There has been considerable discussion – internally within the profession and with legislators and health plans – over the Insurance Commissioner’s non-enforcement of a 1997 state law on health insurer payment for emergency services, and legislative pressures to ban balance billing for some, or all, emergency services.

Last Thursday, in an effort to seek clarification and to set a “baseline” for the debate, the WSMA (with the participation of the state chapter of the American College of Emergency Physicians) filed a Writ of Mandamus with the State Supreme Court seeking to require Commissioner Mike Kreidler to enforce the statute (RCW 48.43.093) that requires health insurers pay for the emergency services of their policyholders, even when the physician providing those services is not contracted with the insurer. The law requires health insurers to pay the billed charges of nonparticipating providers for emergency services, less the specific cost-sharing arrangements permitted in the subscriber’s coverage with the insurer, and up to $50 additional. The law, passed in 1997, was enforced by Commissioner Kreidler’s predecessor, Deborah Senn.

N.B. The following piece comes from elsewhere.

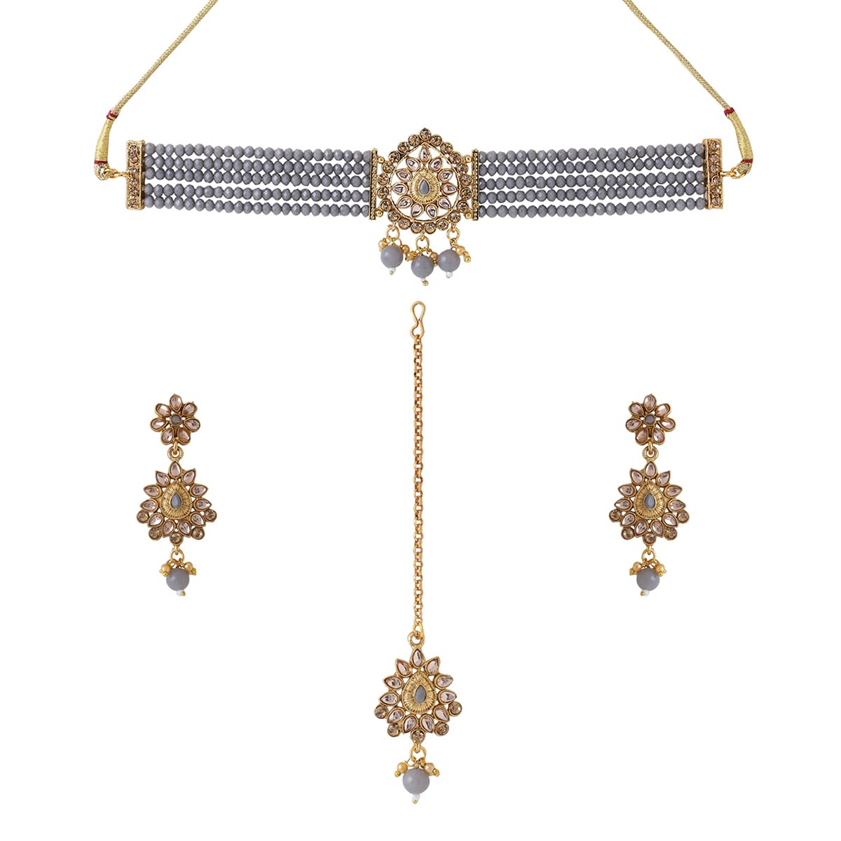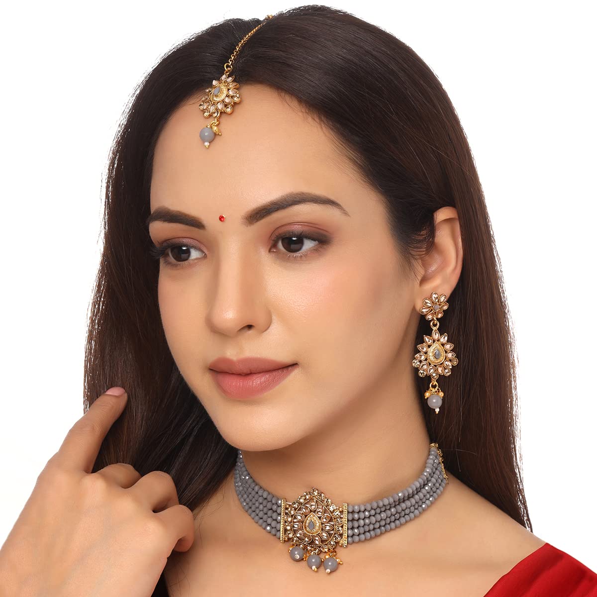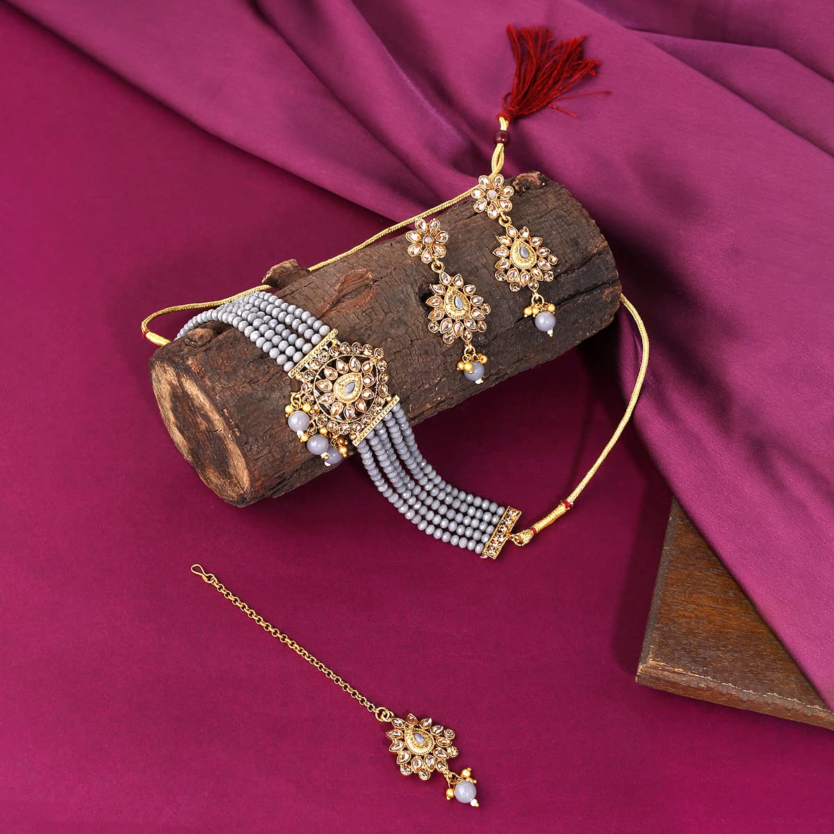Jewellery Set For Women Kundan studded Choker Set With Earrings and Mangtikka For Women and Girls

The law was enacted to ensure that patients get the care they need in an emergency without delay or unnecessary expense. It was part of a larger health insurance reform bill, and established for the first time in state statute the coverage requirements and conditions for emergency services provided in a hospital emergency department. It requires health insurers to cover the cost of emergency services necessary to screen and stabilize the patient.

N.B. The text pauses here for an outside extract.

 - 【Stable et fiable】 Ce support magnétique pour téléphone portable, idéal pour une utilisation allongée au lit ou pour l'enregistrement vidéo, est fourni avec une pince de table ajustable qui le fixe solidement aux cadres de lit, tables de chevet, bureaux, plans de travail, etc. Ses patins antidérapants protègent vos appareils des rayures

Points we’ve made in public discussion about this issue:

  • This is about giving insurance company subscribers piece of mind that should they go to the hospital ED they will be treated and will not have unanticipated out of pocket expenses beyond what is defined in their coverage.

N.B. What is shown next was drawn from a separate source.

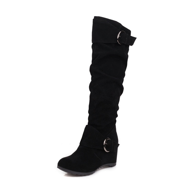 - Glamorous and a bit risque' you will get noticed walking into a room with these gorgeous boots. Super soft and comfortable they are made of quality PU suede leather and feature round toe, gentle supportive arch, fitted straps, metal decorative buckles, full inner side zip and seam detailing these boots are a must have item for any wardrobe.

  • Commissioner Kreidler’s interpretation of the 1997 law allows insurance companies to pay non-contracting physicians (those who haven’t signed a contract with the company) in the ED whatever they wish, sometimes at up to 50% discounts, forcing many physicians to balance bill the patient for the amount necessary to cover their expenses.
  • Requiring the commissioner to enforce the 1997 law will mean insurance companies will have to cover their subscribers’ expenses when they go to the ED (to the limits of their policies) and patients don’t have to wonder who is, or is not, a contracting physician with their insurance company when they visit the ED.
  • We don’t want to continue to have insurance companies transfer the risk they assume when premiums are paid to them to physicians who treat their subscribers in the ED.